In his play Henry IV, Shakespeare has Falstaff call Bardolph's face a salamander. Why would he do that? A salamander is a kind of slimy lizard and I checked to see that my memory serves me correctly?it does?one notable fact about salamanders is that they can disconnect their tails from their bodies in order to run away, and grow a new tail. There has been a mythology about salamanders that goes back to the ancient Greeks and it is from the ancient Greeks that we get the word salamander too. That myth is that salamanders can walk through fire or even like to live in fire. Because of this myth there is a heraldic device that involves a salamander surrounded by flames, King Francis I of France made it his own. His motto was nutrisco et extinguo which was Latin and supposed to evoke "I nourish the good and extinguish the bad." Francis died less than two decades before Shakespeare was born and the reason he chose a salamander in flames along with this motto was that salamanders were thought not only to be able to live among the flames, but to be able to cool them with their bodies as well. All of this mythology is supposed to have arisen because in fact salamanders usually would prefer a damp and soggy place to hang out than in glowing coals, and as I said before, they are themselves kind of slimy creatures.

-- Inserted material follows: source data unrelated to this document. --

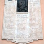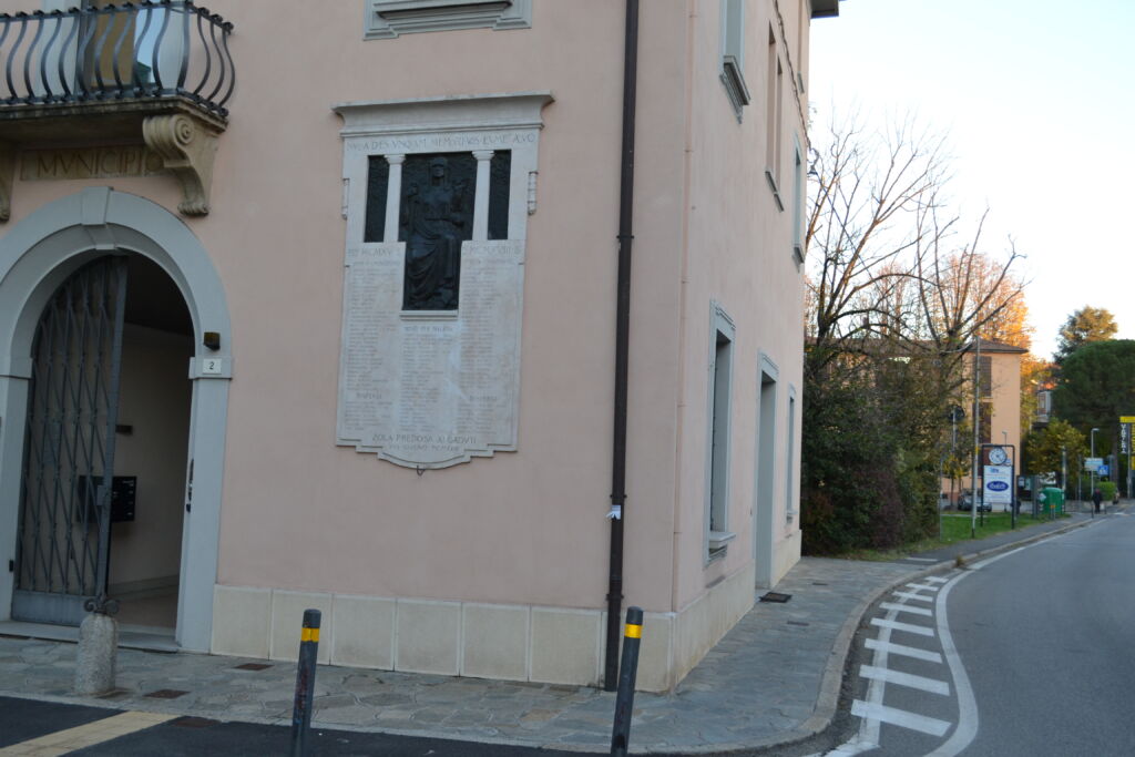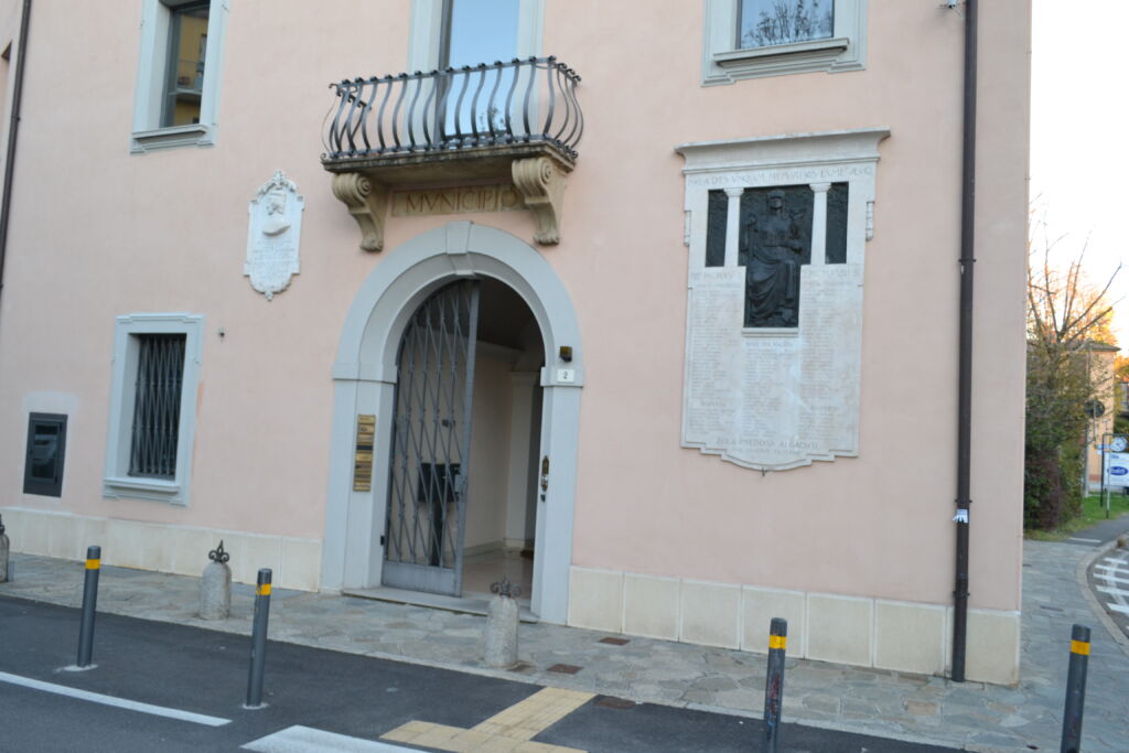 - Sulla facciata principale dell’ex Municipio alla destra del portone d’ingresso.
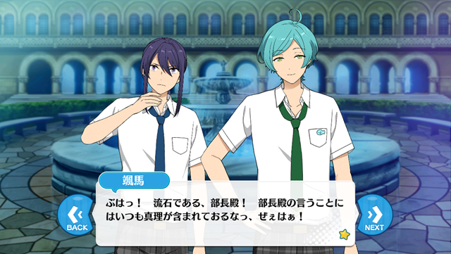 Ватару: Ты иногда совершаешь ужасные поступки сохраняя при этом улыбку до ушей. Ну, несмотря на то, что сейчас лето, ты можешь подхватить простуду, раз уж ты промок до нитки, так что пожалуйста, постарайся делать это пореже.
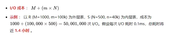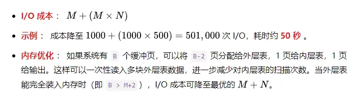 对于块嵌套循环连接(Block Nested Loop Join),其 I/O 成本公式为:外层表 I/O + (外层表块数 × 内层表 I/O)。
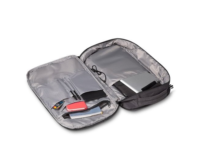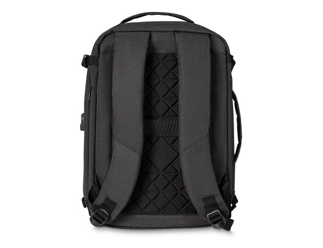 Mochila confeccionada em poliéster com compartimento para notebook até 17 polegadas. Contém Dois compartimentos grandes sendo um com divisórias para documentos, eletrônicos e caneta, e um com divisória para Notebook até 17 polegadas. Compartimento frontal com abertura vertical. Tecido Impermeável. Alça traseira para conter as alças de ombro. Adaptador USB externo com cabo acoplado, permitindo a conexão de um carregador portátil de dentro da mochila e transferência da carga para o lado externo, ocultando o carregador e viabilizando a utilização do celular durante o processo. Contém zíperes com pegadores metálicos, alça de mão em nylon, alças para as costas ajustáveis com revestimento espumado antitranspirante e alça lateral que possibilita que a mochila seja carregada como uma pasta
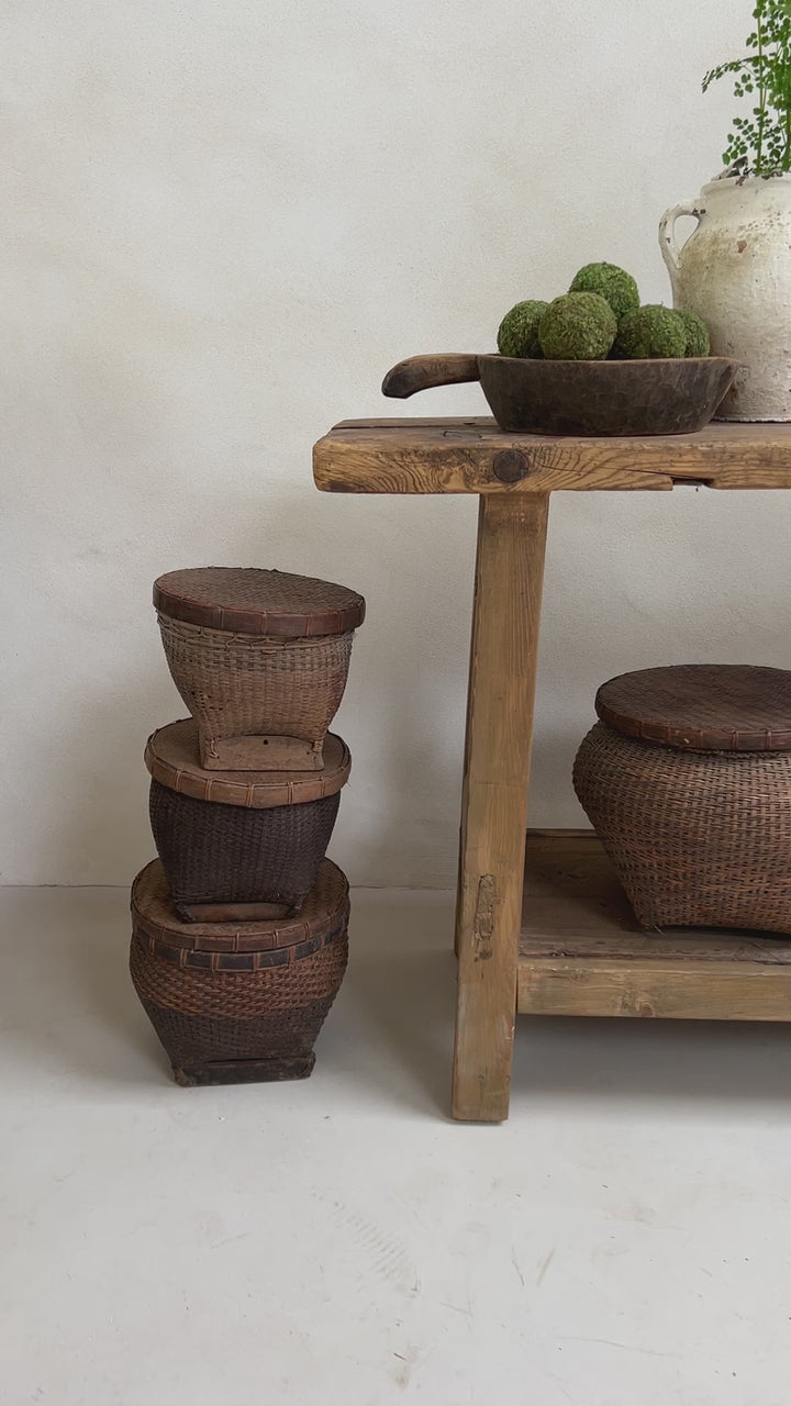 Handwoven from fine hand split sections of bamboo along with natural raffia our vintage Bintan storage baskets come with a bespokely made lid.
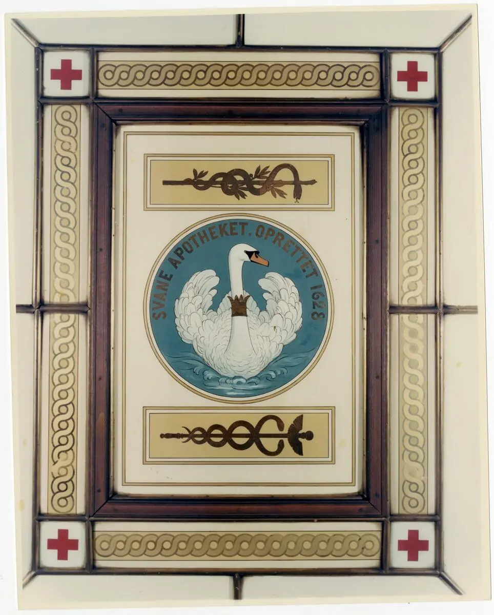 Svaneapotheket i Oslo ble opprettet i 1628. Dagens anlegg er fra 1896. Det er i dag ikke apotekdrift i lokalene. Glasstaket er malt av Wilhelm Krogh. Materialet er glassplater med dekor på innsiden, holdt på plass av trelister. Langs takets ytterkant løper en kant med blomsterornamenter. I feltene på hver side av midtaksen er avbildet legekunstens og farmasiens aner, legeguden Asklepios og hans datter Hygiea, flankert av svanemotiver. De tverrgående feltene viser medisinplanter som valmue, kongslys, revebjelle, piggeple, bulmeurt og belladonna. Takdekorasjonene utgjør til sammen en ikonografisk enhet. Taket er i så måte representativt for det sene 1800-tallets holdning til dekor, synliggjøring gjennom bruk av kjente symboler.
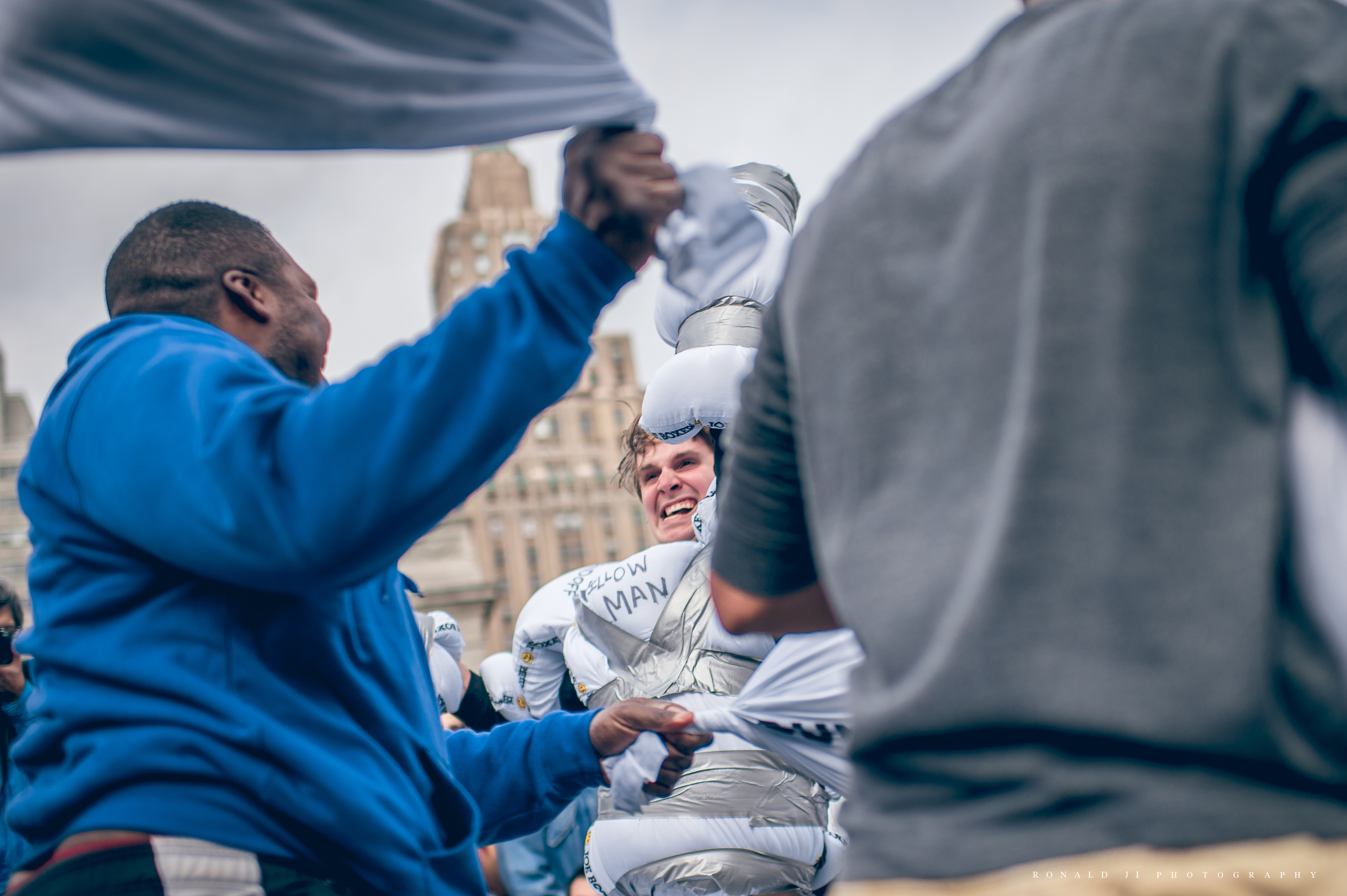 當天最受囑目的,是把自己武裝成「枕頭超人」的Pillow Man,各方好手都來向他挑戰,當中也有自願與他一組的戰友,如願的受到猛烈的戰火攻擊
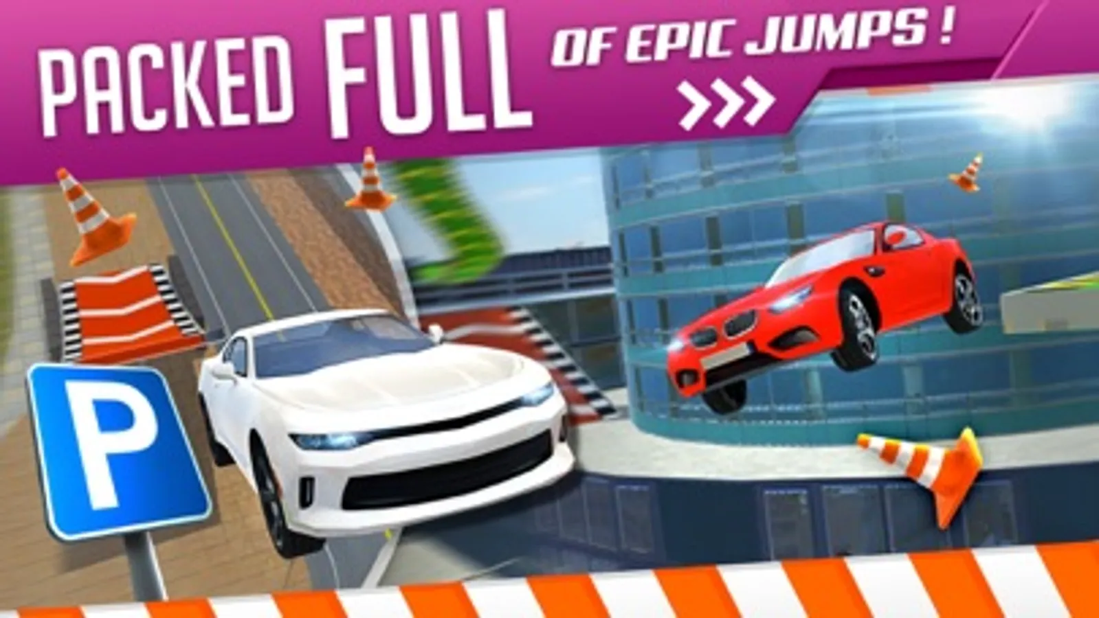 Roof Jumping Returns, in the biggest and best Roof Jumping Stunts game we’ve ever made!! Discover a huge city playground packed full of exciting jumps, stunts, secrets and 75 intensely challenging Missions. Collect and race 15 amazingly detailed Stunt-Tuned Cars to victory. Take your racing to the rooftops!
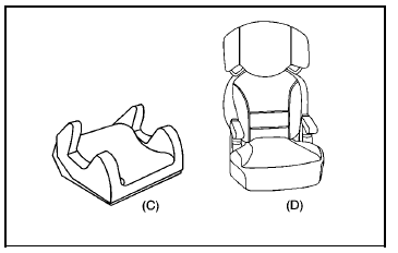 A booster seat (C-D) is a child restraint designed to improve the fit of the vehicle's safety belt system.
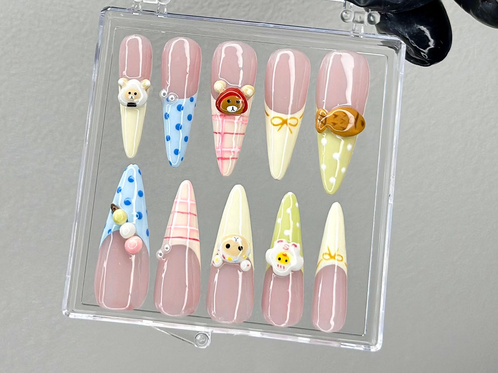 Cute 3D Cartoon Press On Nails | Pastel Kawaii Nail Art | 3D Bear Picnic Press Ons | Gingham Pastel Fake nails |Animal Kawaii Nails |HB990YK
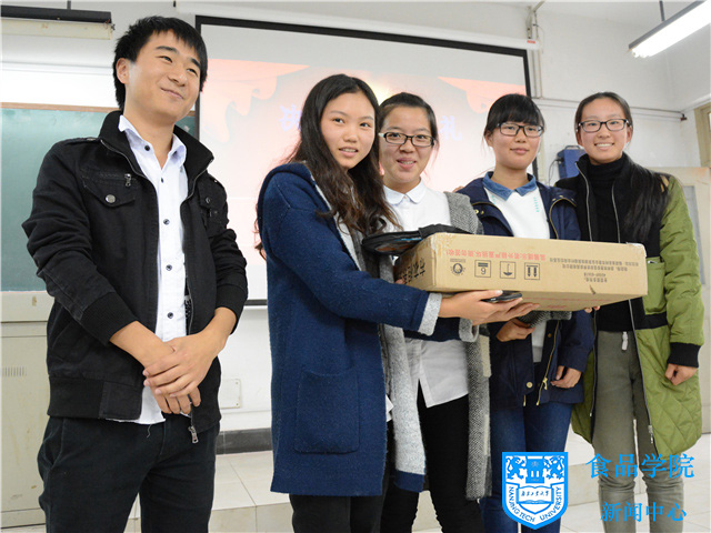 20151101 颁奖典礼上校勤工办主任袁凯为一等奖获得者进行颁奖,并与其合影。 (食品院)
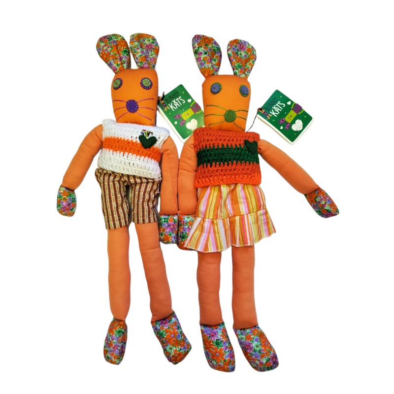 These charming handmade, stuffed toys are created by our Woza Moya crafters and each Bunnykat produced provides an income for at least 4 crafters. One crafter makes the doll, one crochets the vest, one makes the skirts and shorts and a fourth crafter embroiders the face.
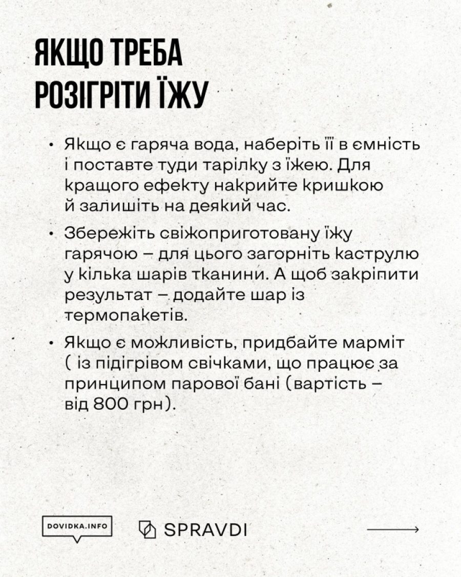 - якщо ви маєте рухатися, можна придбати хімічну грілку (одноразова, призначена для зігрівання в критичних випадках рук чи ніг упродовж 5-6 годин). До голого тіла її прикладати не можна – обов’язково має бути шар одягу.
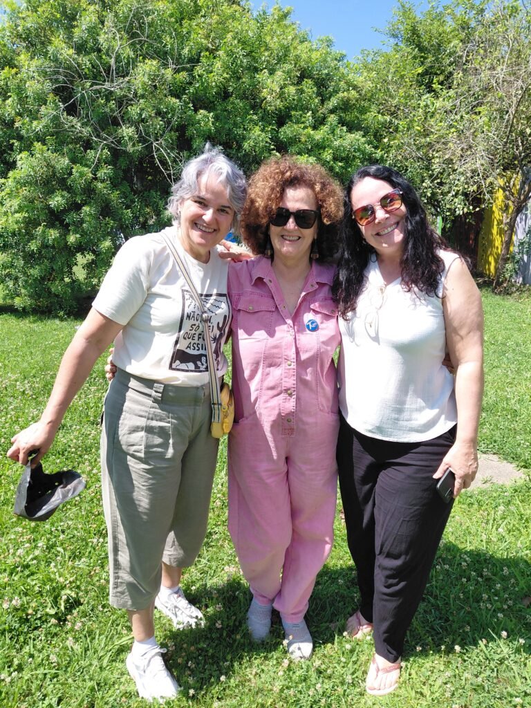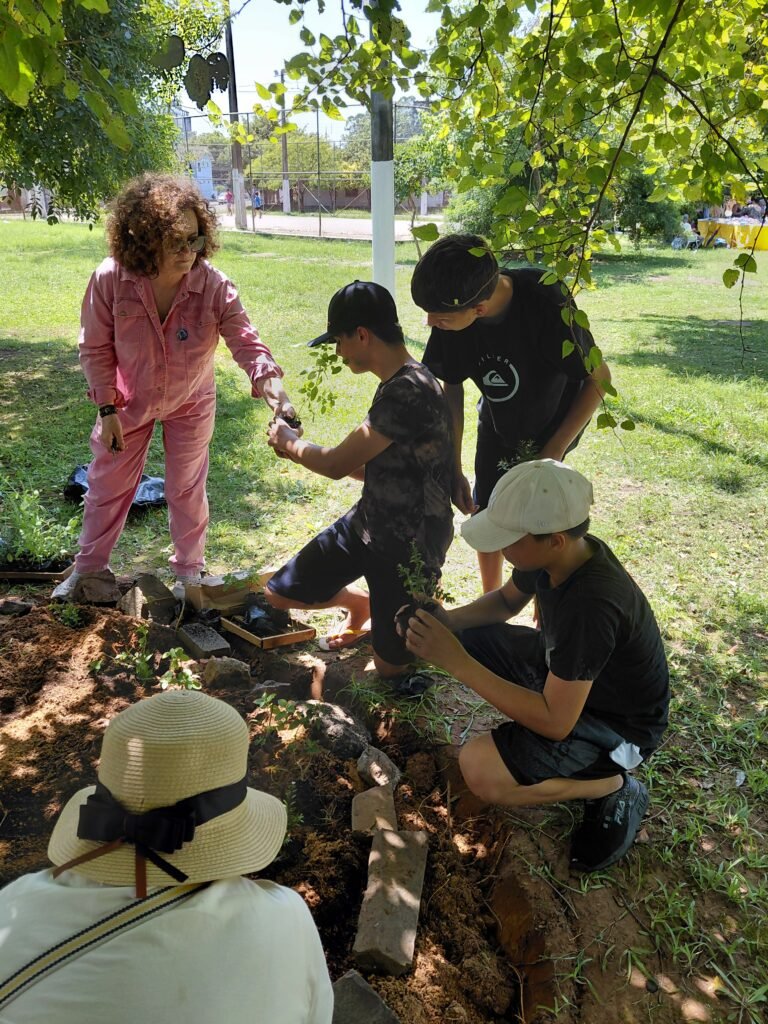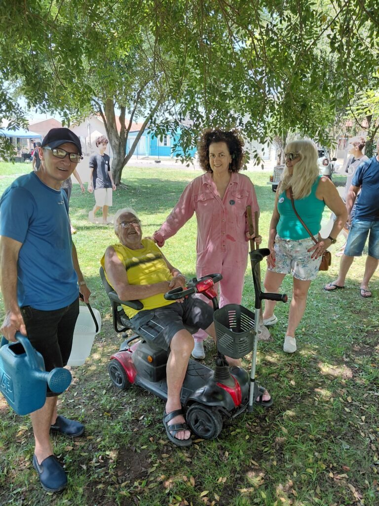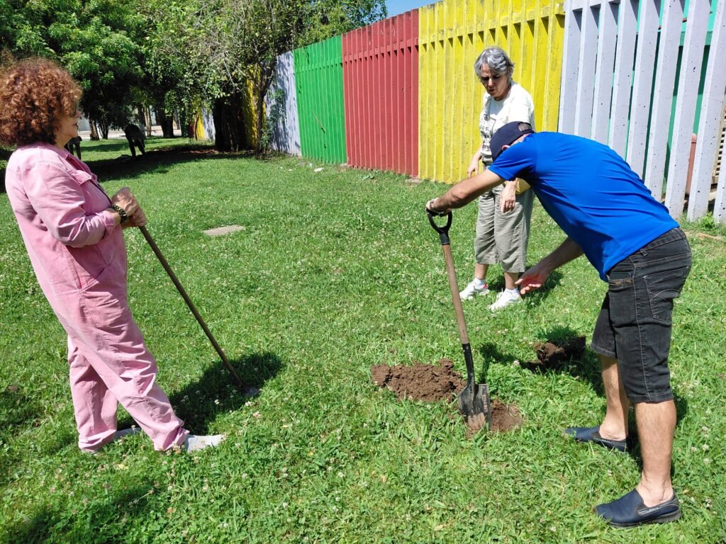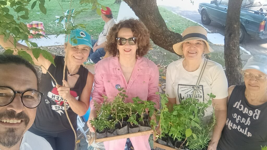 O plantio foi uma das atividades centrais da feira, que ocorreu na praça ao lado da Escola Irmã Sibila. Esta ação de base comunitária buscou promover o espírito de resiliência e contribuir para a recuperação material, estrutural e emocional das pessoas afetadas pelas inundações.

The theory is that in ages past people would heap a little wood on the fire to chase away the cold winter chill. As they sat warming their toes and staring into the flames, there would appear a little salamander running out of the hearth. The reason the salamander was running was that he was running for his life. He'd been asleep in his nice damp log when suddenly someone had set fire to it. To protect himself he had exuded mucous through his skin and legged it out of there. But the ancients, not equipped with flashlights to find the sorry little guy in the dark, assumed the salamander liked the flames, since that was the place he was seen most often. So salamanders became associated also with fires and things glowing bright red, which is what was the condition Bardolph's face was after a bout of drinking when Falstaff called his face a salamander.